Its not as bad as "rewriting all the code". If you was sane with mallocs and other manual pointers/address space handling, switching to 64bits is very straightforward and easy - mostly just changing compiler settings and throwing some macros around.

Fair enough, but that still ignores the ripple effect of releasing a new compile. bugs, offset shifts and plain old sh!t happens are bound to occur somewhere, so even if a 64-bit release comes out in a month, the player base will probably take 2-3 months or more to start using such a release. I'd rather the sh!t happened in the process of improving a play mechanic in the game.

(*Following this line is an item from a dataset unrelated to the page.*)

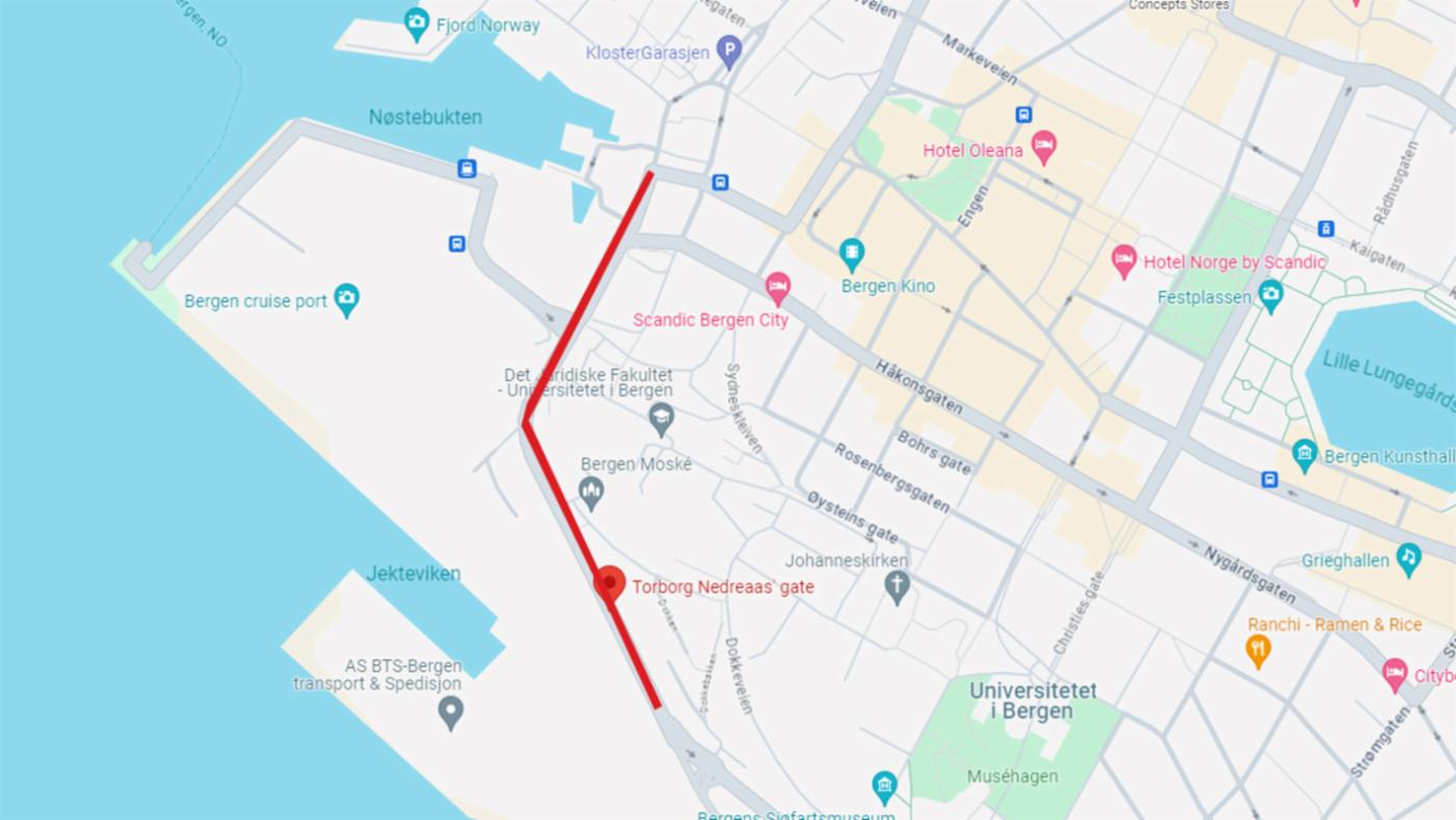 Nøstegaten og Torborg Nedreaas gate blir stengt for biler mellom Komediebakken og Bredalsmarken fra klokken 15.00 og frem til rundt 24.00. Politiet vil være utplassert flere steder for å sikre flyt og være behjelpelige for dem som har nødvendige ærend ved Nøstet.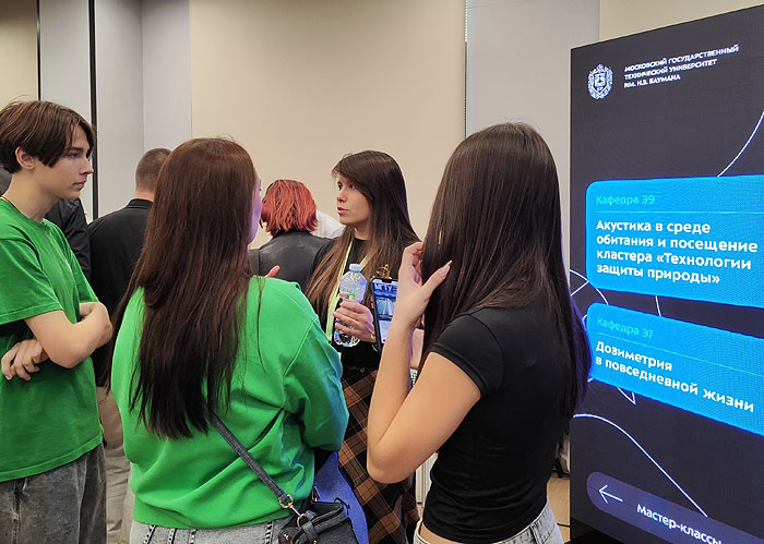 5 октября в МГТУ имени Н.Э.Баумана прошел день открытых дверей. Наша кафедра провела мастер-класс и экскурсии в лаборатории технологии очистки сточных вод и почвогрунтов и в лаборатории геоинформационных систем. На мероприятии работали Алина Калистратова, Валерия Кудренок и другие молодые сотрудники и магистры кафедры. На экскурсиях прошла демонстрация технологий очистки сточных вод и использования ГИС для прогнозирования последствий ЧС. Гостям университета также продемонстрировали работу акустической решетки и рассказали о средствах измерения и снижения шума.

Besides, it still doesn't solve the other problem I mentioned: switching from one address size to another doesn't instantiate memory. If there was memory waiting to be used, it might unlock it, but the physical limitation of the computer is still there. The benefits of moving to a new address system will be slim when the memory limitation of the user still exists.

Consider my world constraints right now. I top out at around 300yr on 257x257 worlds. As the world grows older, its complexity grows as well - and probably geometrically, if not faster. In other words, if I doubled the age of a world, the memory space it occupies is probably greater than the square of the previous age. Let's suppose I had 4GB of RAM and DF just couldn't use it because it was 32bit atm. So now I double my RAM. But if the 300year world is taking up all my RAM (ie 2GB), a 600yr world is probably gonna take up over 4GB. ofc I'm just guessing here as to the memory growth rate of a world, but my point is that being able to address an extra gigabyte or so of RAM is really not going to add much to the history of a world. If a world of x years takes up 3GB, 2x years would probably be more than 9GB, etc etc. 1GB starts looking pretty small.